Summary & Overview
CPT 99310: Subsequent Nursing Facility Care, High Complexity
CPT code 99310 represents subsequent nursing facility care for patients requiring a detailed interval history, detailed examination, and high complexity medical decision making. This code is widely used in geriatric medicine to capture the complexity of ongoing care for residents in nursing facilities. Nationally, it is recognized by major payers including Aetna, Blue Cross Blue Shield, Cigna Health, Medicare, and UnitedHealthcare, making it a critical component of reimbursement and compliance for providers delivering high-level evaluation and management services.

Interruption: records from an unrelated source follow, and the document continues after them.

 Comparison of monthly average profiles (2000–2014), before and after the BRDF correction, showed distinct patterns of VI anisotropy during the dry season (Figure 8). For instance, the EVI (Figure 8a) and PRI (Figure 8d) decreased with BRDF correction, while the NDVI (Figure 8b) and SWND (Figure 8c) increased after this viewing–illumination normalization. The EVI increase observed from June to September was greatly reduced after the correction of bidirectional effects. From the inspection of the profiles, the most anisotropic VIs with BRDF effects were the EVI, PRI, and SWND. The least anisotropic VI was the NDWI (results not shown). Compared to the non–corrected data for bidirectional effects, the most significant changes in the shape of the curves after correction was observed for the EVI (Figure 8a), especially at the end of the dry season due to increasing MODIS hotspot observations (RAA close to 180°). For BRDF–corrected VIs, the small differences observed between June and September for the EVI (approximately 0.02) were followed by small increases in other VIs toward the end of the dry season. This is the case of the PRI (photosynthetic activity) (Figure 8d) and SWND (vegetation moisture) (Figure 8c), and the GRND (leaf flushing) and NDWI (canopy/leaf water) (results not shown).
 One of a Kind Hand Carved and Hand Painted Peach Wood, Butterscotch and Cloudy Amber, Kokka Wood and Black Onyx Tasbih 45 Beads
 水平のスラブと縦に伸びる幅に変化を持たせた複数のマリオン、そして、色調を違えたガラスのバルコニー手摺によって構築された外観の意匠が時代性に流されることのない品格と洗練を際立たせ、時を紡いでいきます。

This publication provides a comprehensive overview of 99310, including payer coverage, clinical context, and related billing codes. Readers will gain insights into benchmarks for utilization, policy updates affecting nursing facility care, and the clinical requirements necessary for accurate coding. The analysis also highlights associated modifiers and taxonomies relevant to geriatric, family, and internal medicine physicians. Understanding 99310 is vital for ensuring proper documentation and reimbursement for complex patient care in nursing facilities.
CPT Code Overview
CPT code 99310 is used for subsequent nursing facility care, per day, for the evaluation and management of a patient. This code requires at least two of three key components: a detailed interval history, a detailed examination, and medical decision making of high complexity. The service type is Geriatrics, and the typical site of service is a Nursing Facility (Place of Service 32). This code is essential for documenting and billing complex follow-up care provided to patients residing in nursing facilities.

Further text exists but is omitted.